**Directions for this task:** Your copy should match the entries exactly, except that it holds no pictures.

**Given records:**
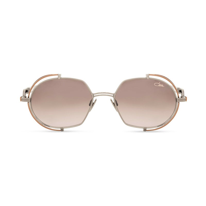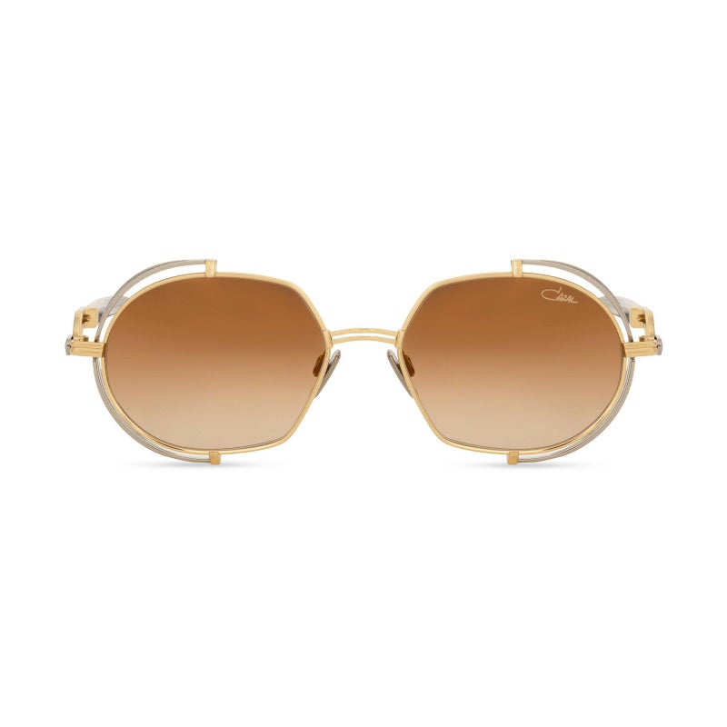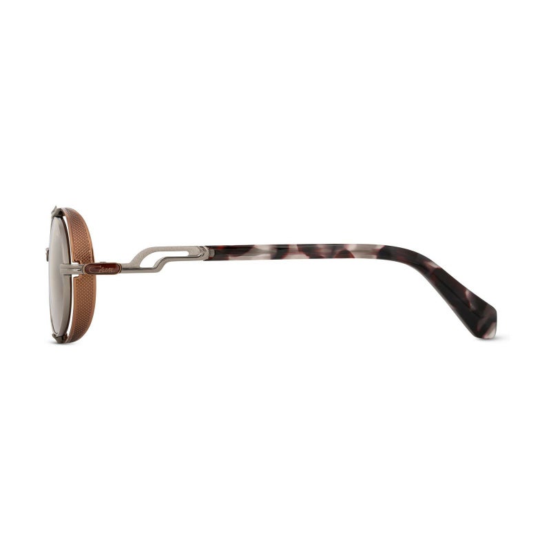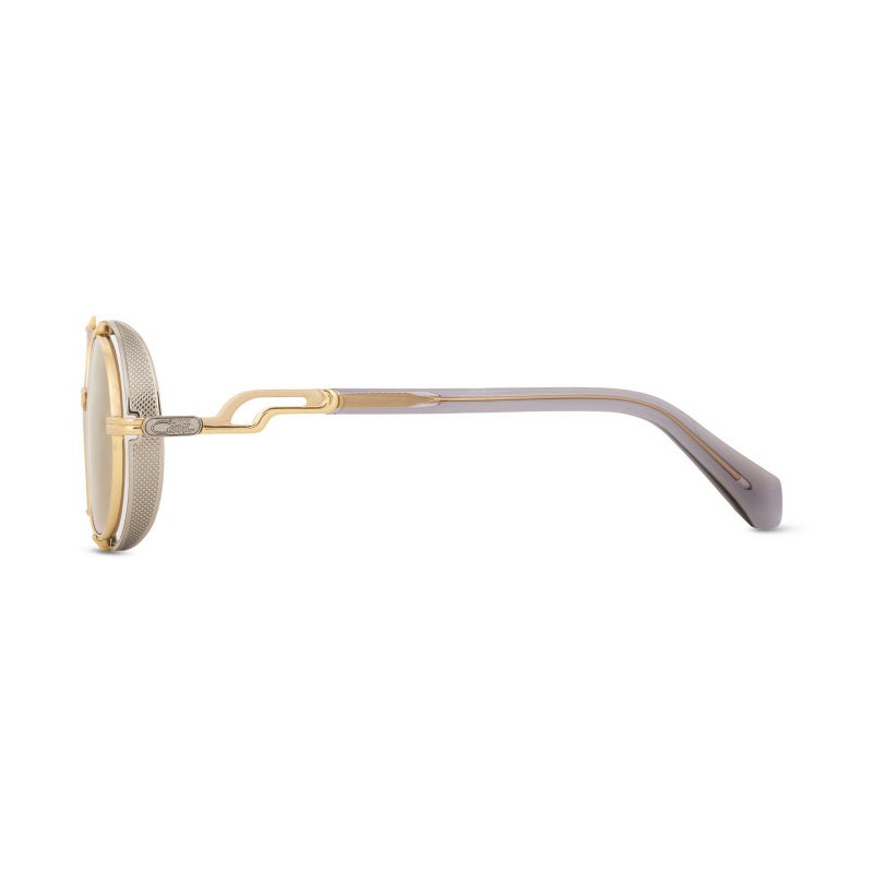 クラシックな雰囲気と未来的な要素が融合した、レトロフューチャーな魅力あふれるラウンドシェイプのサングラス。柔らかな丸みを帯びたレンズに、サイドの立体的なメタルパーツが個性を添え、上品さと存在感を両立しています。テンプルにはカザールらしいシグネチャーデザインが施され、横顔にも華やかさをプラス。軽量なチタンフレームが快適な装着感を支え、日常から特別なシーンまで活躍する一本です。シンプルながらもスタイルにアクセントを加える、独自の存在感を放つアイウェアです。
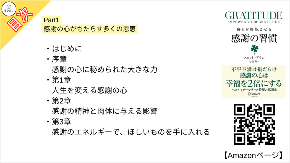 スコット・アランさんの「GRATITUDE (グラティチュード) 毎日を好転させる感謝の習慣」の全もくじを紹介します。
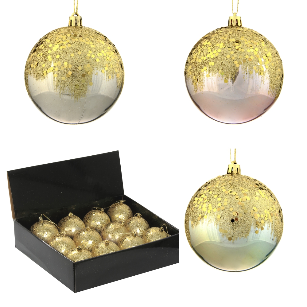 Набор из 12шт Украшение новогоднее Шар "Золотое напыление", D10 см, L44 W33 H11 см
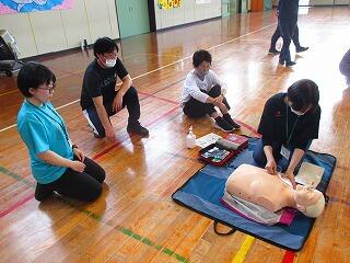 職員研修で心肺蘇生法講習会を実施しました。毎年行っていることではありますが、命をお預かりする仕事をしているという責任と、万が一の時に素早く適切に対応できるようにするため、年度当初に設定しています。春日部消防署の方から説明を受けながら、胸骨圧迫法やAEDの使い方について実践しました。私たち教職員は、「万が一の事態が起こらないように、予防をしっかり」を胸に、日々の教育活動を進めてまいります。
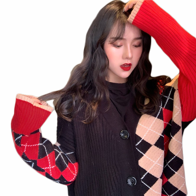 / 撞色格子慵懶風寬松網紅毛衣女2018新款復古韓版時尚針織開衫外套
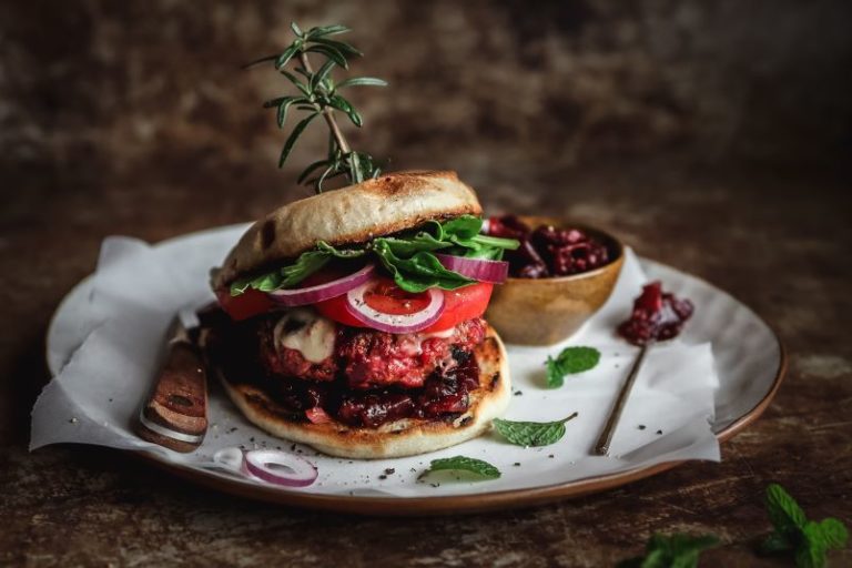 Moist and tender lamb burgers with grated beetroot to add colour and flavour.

**Your solution:**
 クラシックな雰囲気と未来的な要素が融合した、レトロフューチャーな魅力あふれるラウンドシェイプのサングラス。柔らかな丸みを帯びたレンズに、サイドの立体的なメタルパーツが個性を添え、上品さと存在感を両立しています。テンプルにはカザールらしいシグネチャーデザインが施され、横顔にも華やかさをプラス。軽量なチタンフレームが快適な装着感を支え、日常から特別なシーンまで活躍する一本です。シンプルながらもスタイルにアクセントを加える、独自の存在感を放つアイウェアです。
 スコット・アランさんの「GRATITUDE (グラティチュード) 毎日を好転させる感謝の習慣」の全もくじを紹介します。
 Набор из 12шт Украшение новогоднее Шар "Золотое напыление", D10 см, L44 W33 H11 см
 職員研修で心肺蘇生法講習会を実施しました。毎年行っていることではありますが、命をお預かりする仕事をしているという責任と、万が一の時に素早く適切に対応できるようにするため、年度当初に設定しています。春日部消防署の方から説明を受けながら、胸骨圧迫法やAEDの使い方について実践しました。私たち教職員は、「万が一の事態が起こらないように、予防をしっかり」を胸に、日々の教育活動を進めてまいります。
 / 撞色格子慵懶風寬松網紅毛衣女2018新款復古韓版時尚針織開衫外套
 Moist and tender lamb burgers with grated beetroot to add colour and flavour.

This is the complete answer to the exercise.